Material supplied:
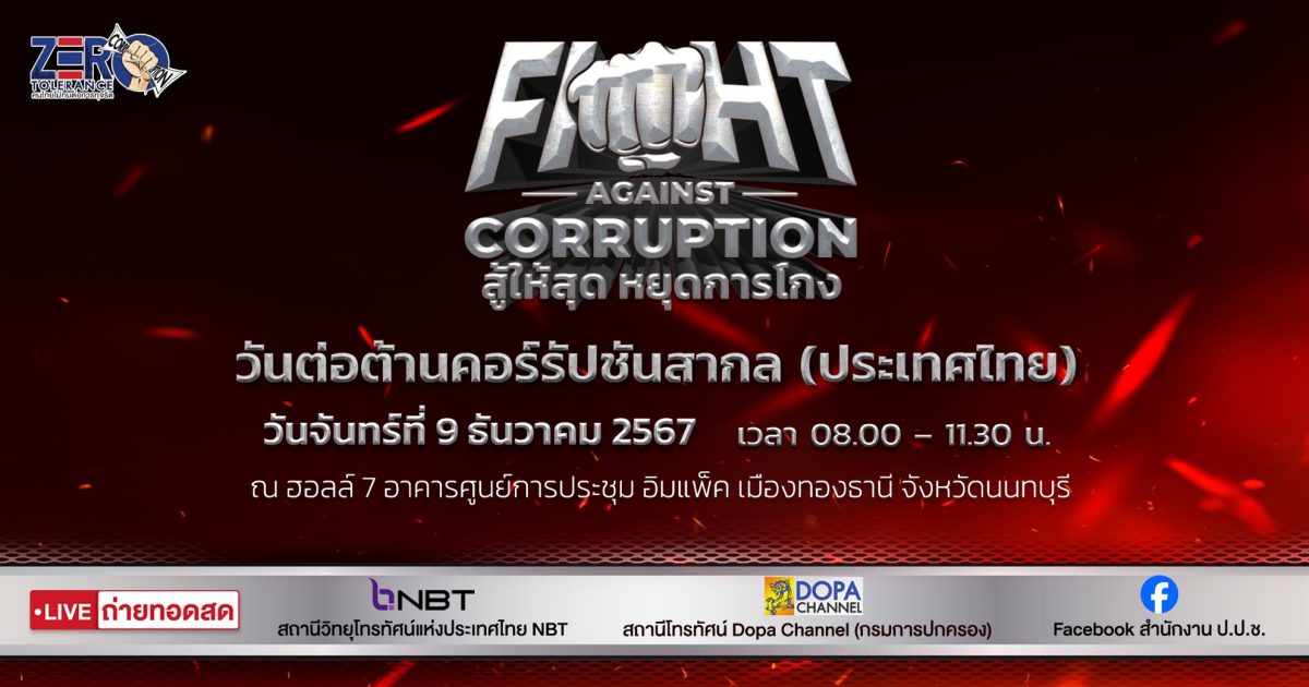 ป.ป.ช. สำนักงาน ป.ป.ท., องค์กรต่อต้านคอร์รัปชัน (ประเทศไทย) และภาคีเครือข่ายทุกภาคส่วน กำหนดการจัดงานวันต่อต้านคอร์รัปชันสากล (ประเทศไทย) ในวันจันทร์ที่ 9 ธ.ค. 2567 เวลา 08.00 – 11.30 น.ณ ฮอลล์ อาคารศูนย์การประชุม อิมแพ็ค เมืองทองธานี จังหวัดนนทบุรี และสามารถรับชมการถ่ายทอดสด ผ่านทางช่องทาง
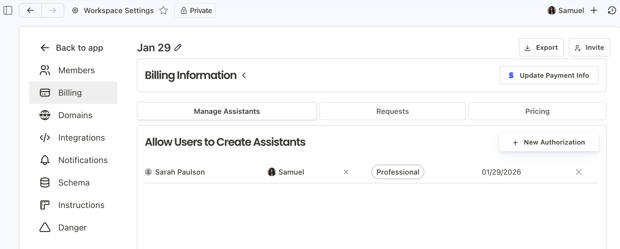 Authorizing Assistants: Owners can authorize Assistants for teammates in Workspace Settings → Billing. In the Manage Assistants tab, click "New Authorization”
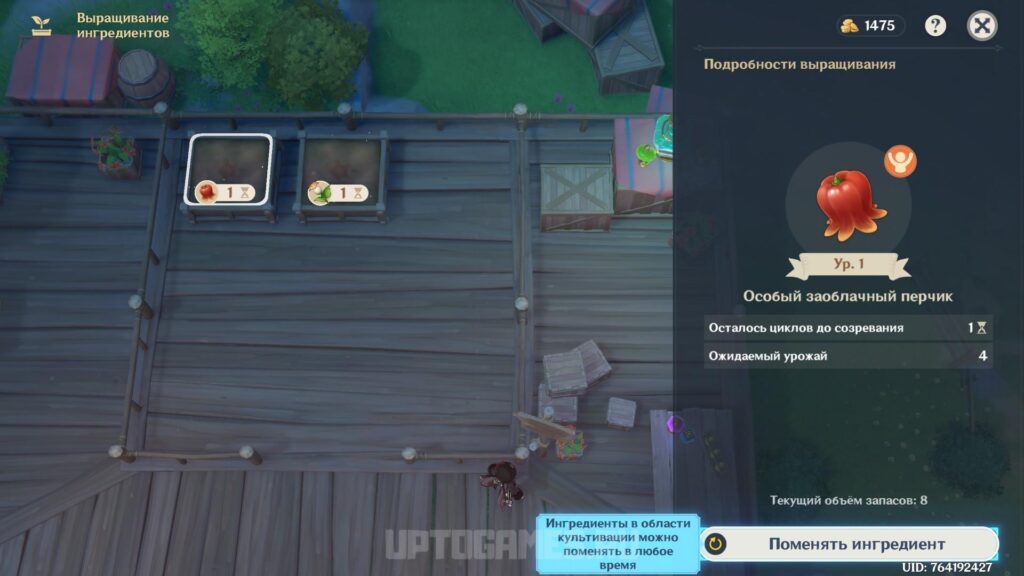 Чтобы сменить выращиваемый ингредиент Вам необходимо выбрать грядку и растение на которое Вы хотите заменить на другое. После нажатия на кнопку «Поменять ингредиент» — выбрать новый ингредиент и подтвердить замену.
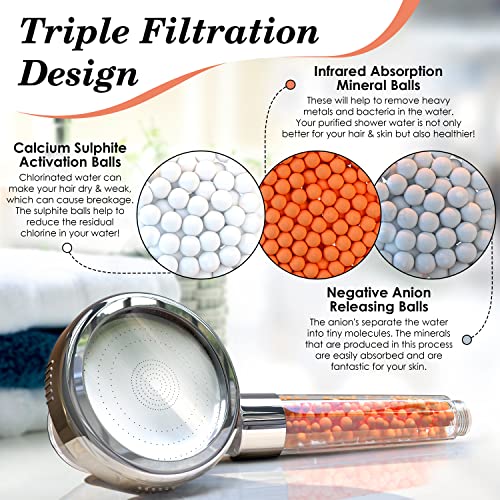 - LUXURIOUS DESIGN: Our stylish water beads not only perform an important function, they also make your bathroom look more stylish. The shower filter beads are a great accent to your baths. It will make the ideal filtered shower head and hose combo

---

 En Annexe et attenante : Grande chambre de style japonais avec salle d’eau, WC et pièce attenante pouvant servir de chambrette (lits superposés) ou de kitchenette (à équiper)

What is required: In the listing above, find the line containing "Authorizing Assistants: Owners" and the line containing "Чтобы сменить выращиваемый"; print those lines and every line between them exactly, leaving out pictures.

Output of the exercise:
 Authorizing Assistants: Owners can authorize Assistants for teammates in Workspace Settings → Billing. In the Manage Assistants tab, click "New Authorization”
 Чтобы сменить выращиваемый ингредиент Вам необходимо выбрать грядку и растение на которое Вы хотите заменить на другое. После нажатия на кнопку «Поменять ингредиент» — выбрать новый ингредиент и подтвердить замену.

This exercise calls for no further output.